Architecture Consideration for Cloud Native Applications
- End users
- Input and output process
- Engineering teams
- Engineering resources
- Financial resources
- Internal knowledge
Prior to an organization delivers a product, the engineering team needs to decide on the most suitable application architecture. In most of the cases 2 distinct models are referenced: monoliths and microservices.
Regardless of the adopted structure, the main goal is to design an application that delivers value to customers and can be easily adjusted to accommodate new functionalities.
Also, each architecture encapsulates the 3 main tires of an application:
- UI (User Interface) - handles HTTP requests from the users and returns a response
- Business logic - contained the code that provides a service to the users
- Data layer - implements access and storage of data objects
In a monolithic architecture, application tiers can be described as:
- part of the same unit
- managed in a single repository
- sharing existing resources (e.g. CPU and memory)
- developed in one programming language
- released using a single binary
Diagram showcasing how a booking application is implemented using a monolithic architecture
A booking application referencing the monolithic architecture
Imagine a team develops a booking application using a monolithic approach.

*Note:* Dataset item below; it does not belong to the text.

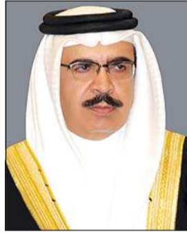
وزير الداخلية البحريني راشد بن عبدالله

وكالات: أكد الفريق أول الشيخ راشد بن عبدالله آل خليفة وزير الداخلية البحريني، أن قيام عناصر مخالفة للقانون ببت وترويج ادعاءات مغرضة ضد البحرين عبر لبنان أمر يبسه للبحرين وكذلك لبنان، موضحاً أن هذه العناصر تجمعها علاقات تعاون وتواصل مع جهات خارجية تسعى للبحرين وتقوم بالتدخل في شؤونها الداخلية.

In this case, the UI is the website that the user interacts with. The business logic contains the code that provides the booking functionalities, such as search, booking, payment, and so on. These are written using one programming language (e.g. Java or Go) and stored in a single repository. The data layer contains functions that store and retrieve customer data. All of these components are managed as a unit, and the release is done using a single binary.
In a microservice architecture, application tiers are managed independently, as different units. Each unit has the following characteristics:
- managed in a separate repository
- own allocated resources (e.g. CPU and memory)
- well-defined API (Application Programming Interface) for connection to other units
- implemented using the programming language of choice
- released using its own binary
Diagram showcasing how a booking application is implemented using a microservice architecture
A booking application referencing the microservice architecture
Now, let's imagine the team develops a booking application using a microservice approach.
In this case, the UI remains the website that the user interacts with. However, the business logic is split into smaller, independent units, such as login, payment, confirmation, and many more. These units are stored in separate repositories and are written using the programming language of choice (e.g. Go for the payment service and Python for login service). To interact with other services, each unit exposes an API. And lastly, the data layer contains functions that store and retrieve customer and order data. As expected, each unit is released using its own binary.
- Monolith: application design where all application tiers are managed as a single unit
- Microservice: application design where application tiers are managed as independent, smaller units
These trade-offs cover development complexity, scalability, time to deploy, flexibility, operational cost, and reliability.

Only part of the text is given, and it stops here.